● PROBLEM TO SOLVE
Starting at the line that contains "公开行政许可及服务信息。通过", write out every line through the last one in the records below, word for word. Leave out any pictures.

● Recorded data
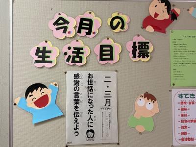 2月,3月の生活目標は「お世話になった人に感謝の言葉をつたえよう」です。
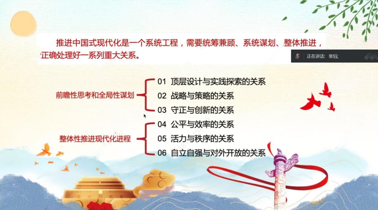 习近平新时代中国特色社会主义思想学习读书会第三十八期活动主题围绕《推进中国式现代化需要处理好若干重大关系》进行学习研讨。本次读书会由学院思想政治教育系主任、博士生导师鲁杰教授发起,学院硕士生祁嘉仪主持,中国地质大学调教漫画
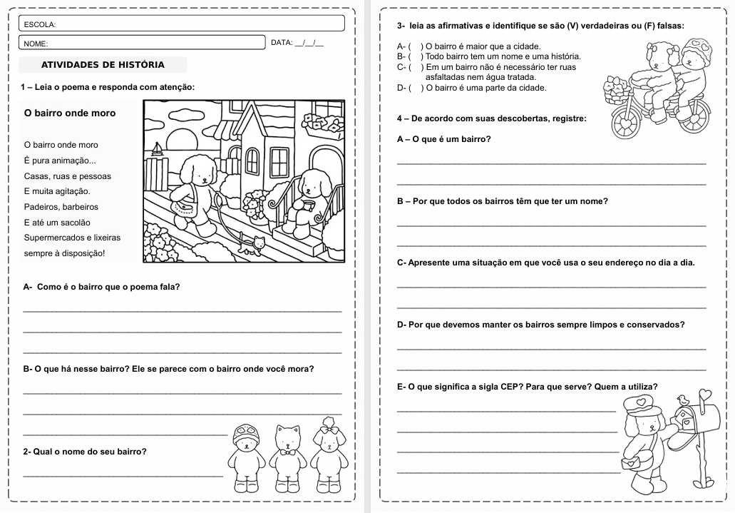 O Bairro e as mudanças ocorridas ao longo do tempo – História 3º Ano
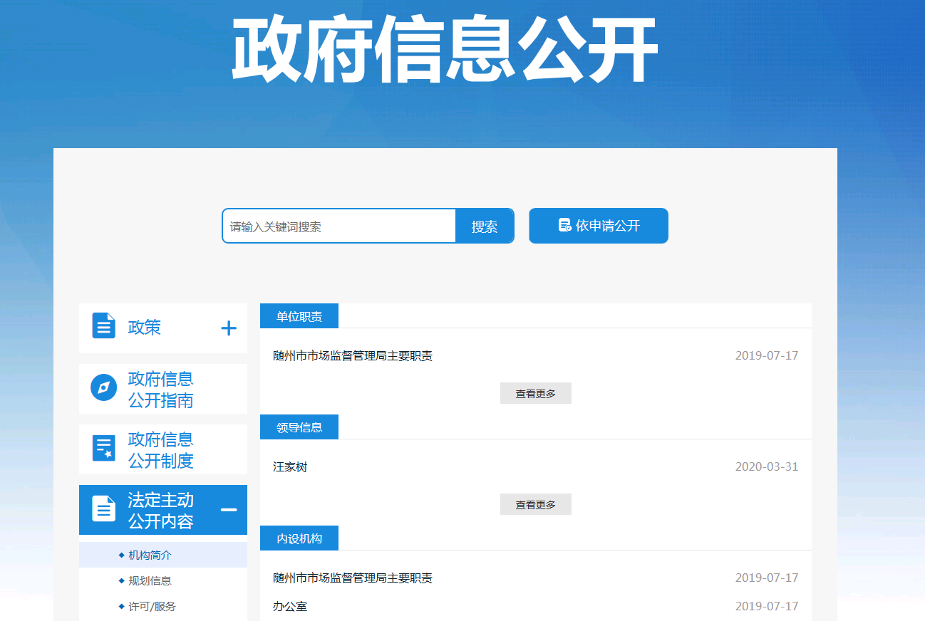 公开行政许可及服务信息。通过湖北政务服务网集中公开办理行政许可和其他对外管理服务事项的依据、条件、程序。通过市场监管局网站行政许可栏目及时公开食品、药品、医疗器械、及企业登记注册办理结果。
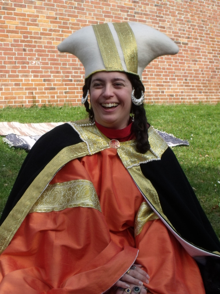 Avertissement : un certain nombre d’éléments présentés dans cet article ne sauraient être considérés comme historiquement correct. Le but de cet article est de proposer une évocation aussi sourcée que possible des differents attributs d’une dame de cours et dans ce but nous nous sommes permis quelques libertés concernant ses bijoux. Nous désirons etre clair sur ce point, aucun des bijoux portés sur ces images (pendants, boucles d’oreille) n’est une réplique d’un modèle existant. Notre travail est évolutif et la fabrication de bijoux plus conforme à la réalité historique (archéologique ou picturale) est en cours. Les photos existantes seront remplacés dés que possible.
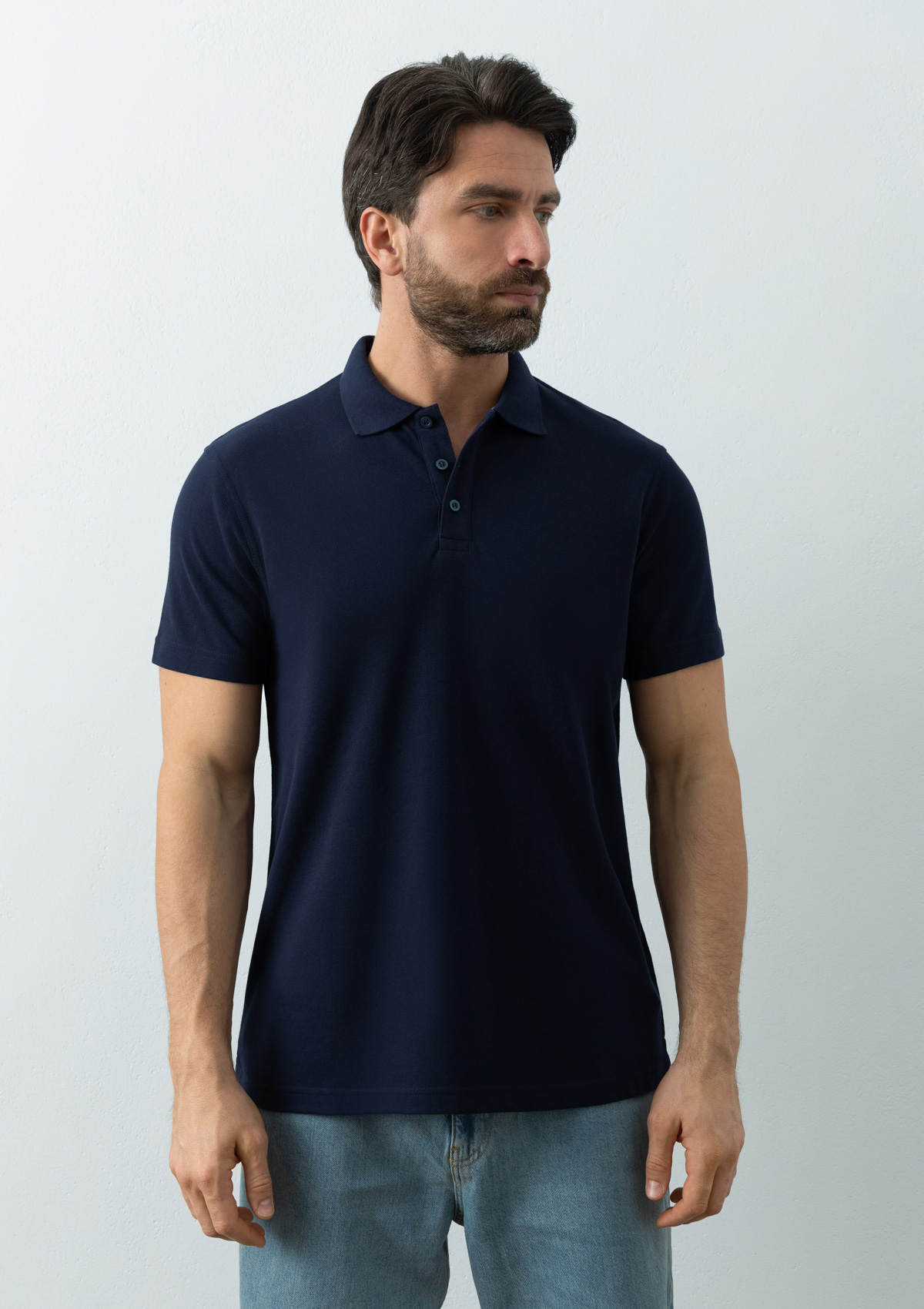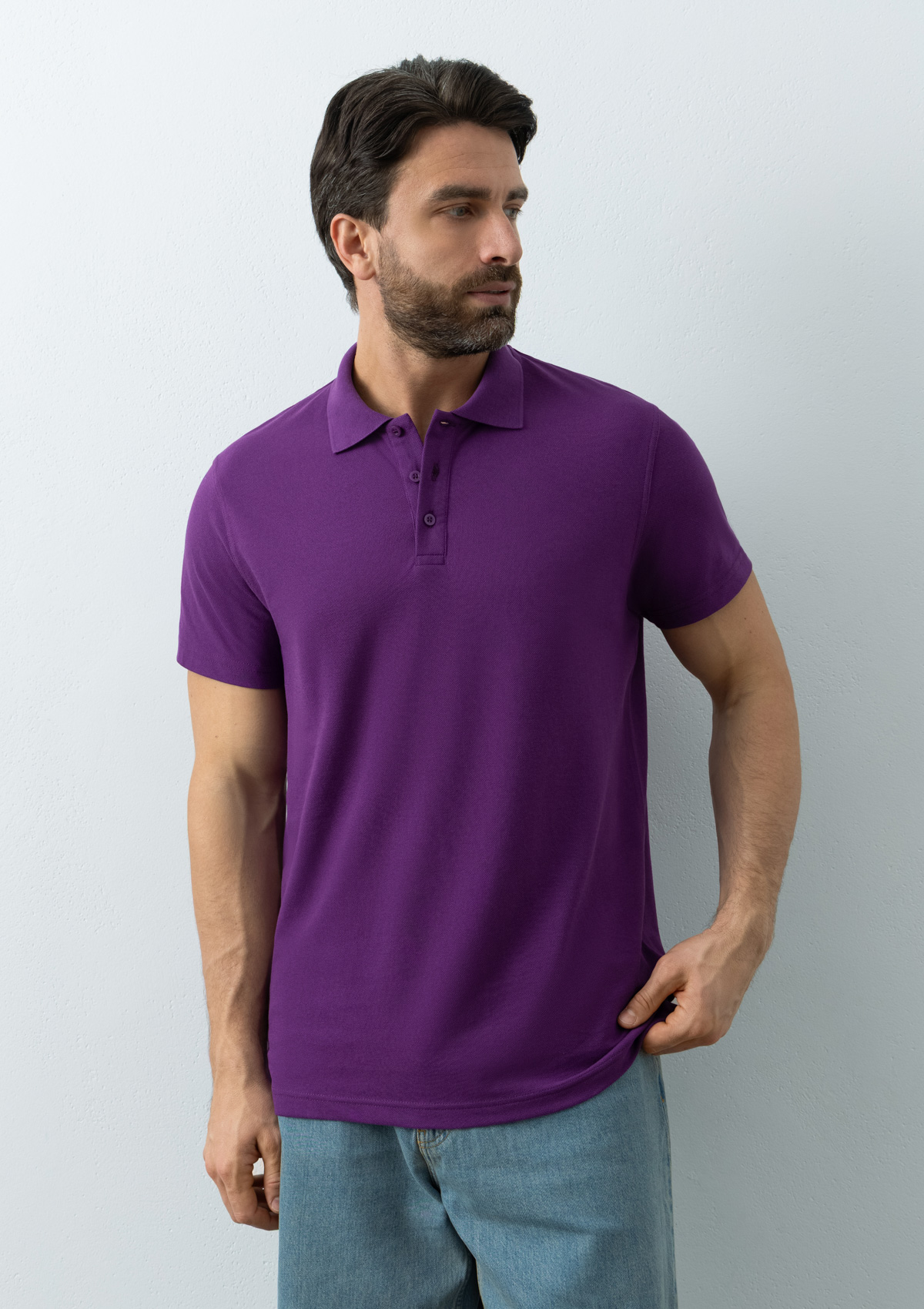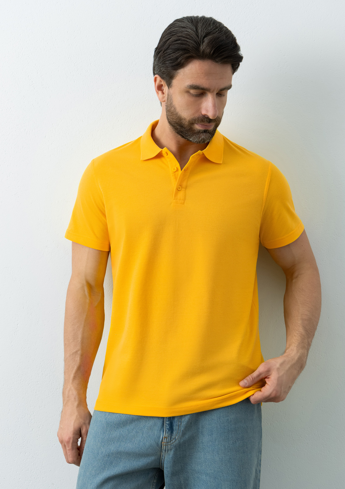 Поло выполнено из трикотажного пике с характерной фактурой. Износостойкое полотно имеет плотную и эластичную структуру, хорошо пропускает воздух и устойчиво к истиранию.

● RESPONSE
 公开行政许可及服务信息。通过湖北政务服务网集中公开办理行政许可和其他对外管理服务事项的依据、条件、程序。通过市场监管局网站行政许可栏目及时公开食品、药品、医疗器械、及企业登记注册办理结果。
 Avertissement : un certain nombre d’éléments présentés dans cet article ne sauraient être considérés comme historiquement correct. Le but de cet article est de proposer une évocation aussi sourcée que possible des differents attributs d’une dame de cours et dans ce but nous nous sommes permis quelques libertés concernant ses bijoux. Nous désirons etre clair sur ce point, aucun des bijoux portés sur ces images (pendants, boucles d’oreille) n’est une réplique d’un modèle existant. Notre travail est évolutif et la fabrication de bijoux plus conforme à la réalité historique (archéologique ou picturale) est en cours. Les photos existantes seront remplacés dés que possible.
 Поло выполнено из трикотажного пике с характерной фактурой. Износостойкое полотно имеет плотную и эластичную структуру, хорошо пропускает воздух и устойчиво к истиранию.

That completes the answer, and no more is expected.